Мне удалось прийти к твоему отцу на минутку вниз и спросить: нужно ли мне сказать тебе в письме что-то такое, что говорят, когда знают, что больше не встретятся? Он сказал: «На всякий случай скажи. Ты уже выросла, понимаешь, что ни фюрер, ни твой отец, ни я — никто из нас уже не может отвечать за свои слова, как прежде. Это уже не в нашей власти». Он меня поцеловал. Я напомнила про «трубку». Он сказал, чтобы я оставила «игрушку» себе. Я все поняла. Он не захотел отобрать у меня последнюю надежду. Или он подумал, что это тоже не должно оставаться?
Но твой папа честный. Я на всякий случай с тобой попрощаюсь. Сейчас мне нужно отдать письмо. Потом пойду наверх, к маленьким. Я им ничего не скажу. Раньше мы были мы, а теперь, с этой минуты, есть они и я.
Генрих, ты помнишь, как мы с тобой убежали в нашем саду, в Рейхольсгрюне, и прятались целую ночь. Помнишь, что я тогда сделала и как тебе это не понравилось? А если бы я это сделала теперь? Ты тогда сказал, что целуются одни девчонки. А теперь? Можно, я представлю себе, что опять это сделала? Я не знаю, что ты ответишь… но я уже. представила. Мне так хорошо, что у меня это есть, очень уже давно, с самого нашего детства, когда мы с тобой первый раз встретились. И что это выросло и теперь такое же, как у взрослых, как у твоей мамы к твоему отцу. Я всегда им так завидовала!
Не думай, что я предательница. Я люблю папу и маму, я их не сужу, и это так и должно быть, что мы будем все вместе.

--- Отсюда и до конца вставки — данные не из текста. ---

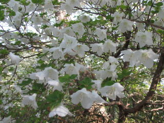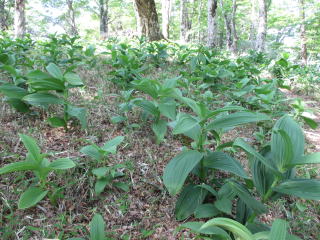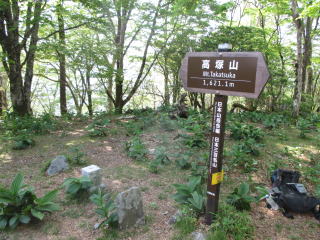 大札山から舗装がなくなり、車の底にあたらないようにゆっくり走る。山犬段からの林道コースは土砂崩れで通行止めのため、蕎麦粒山経由で往復する。大木の尾根を進むとシロヤシオが現れた。三等三角点のある蕎麦粒山の下りに、シロヤシオが咲き乱れている。五樽沢コルをすぎ、三ツ合分岐の尾根もシロヤシオが満開だ。遠くに雪山が見えた。高塚山への尾根もシロヤシオが咲いている。コバイケイソウが現れると高塚山山頂。虫が多く山犬段に引き返す。
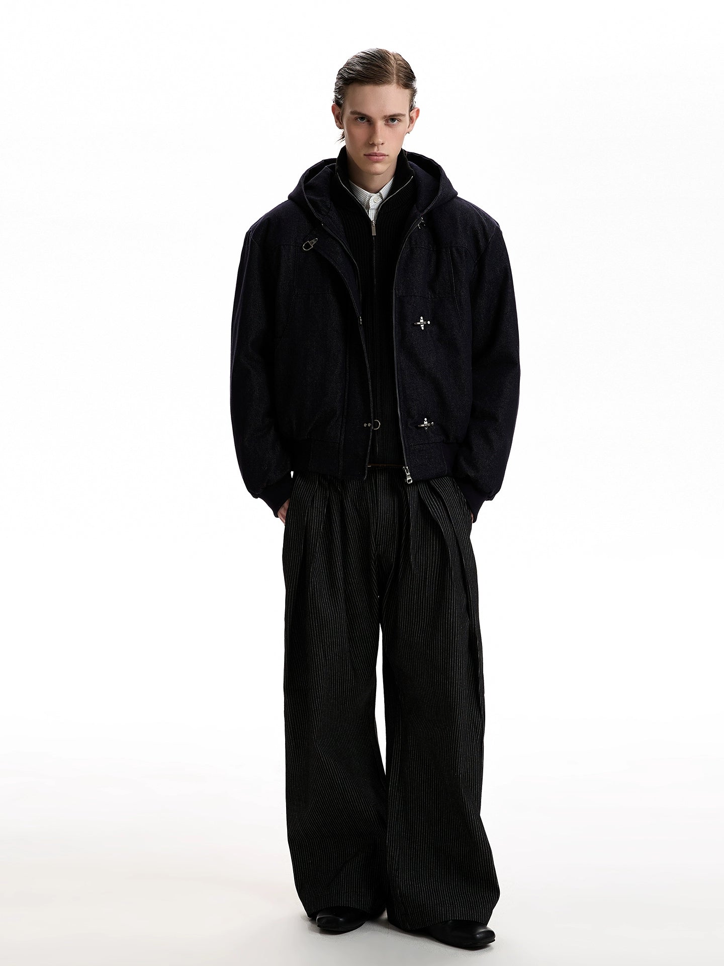 Its structured silhouette and heavyweight feel bring a bold balance of comfort and confidence. Crafted in a thick dark-wash denim with subtle texture, the design features a soft hood, zip closure, and distinctive metal fireman-style clasps that elevate the look without trying too hard. Ribbed cuffs and hem help retain warmth, while inset side pockets offer everyday utility.

Я слабая. Но у меня есть Гете…
Нельзя и некуда идти,
Да если даже уйти от стражи,
Что хуже участи бродяжьей?
С сумою, по чужим, одной
Шататься с совестью больной,
Всегда с оглядкой, нет ли сзади
Врагов и сыщиков в засаде!
Генрих.
И вижу я живо
Походку его,
И стан горделивый,
И глаз колдовство.
И слух мой чаруя,
Течет его речь,
И жар поцелуя
Грозит меня сжечь.
Где духу набраться,
Чтоб страх победить,
Рвануться, прижаться,
Руками обвить?
Генрих. Генрих.
Когда буду отдавать письмо, поцелую твоего папу.
Хельга.»»»»»»»»»»»»»
Примечания:
>1. Теодор Морелль — личный врач Гитлера, пичкавший его сомнительными препаратами. В 1944 году был отставлен от должности. Гитлер, однако, продолжал держать Морелля при себе, пока тот в апреле 1945-го не сбежал из Берлина.
>2. Генрих и Анна — двойняшки, сын и дочь Маргариты Гесс и Роберта Лея.
>3. Науман Вернер — статс-секретарь Министерства пропаганды. Преемник Геббельса — имперский министр народного просвещения и пропаганды в правительстве Деница.
>4. Блонди — любимая овчарка Гитлера. Из потомства овчарки Берты, собаки Рудольфа Гесса.
>5. Людвиг — дельфин. Одно их первых экспериментальных животных, при помощи которого делались попытки лечить нервные расстройства у детей.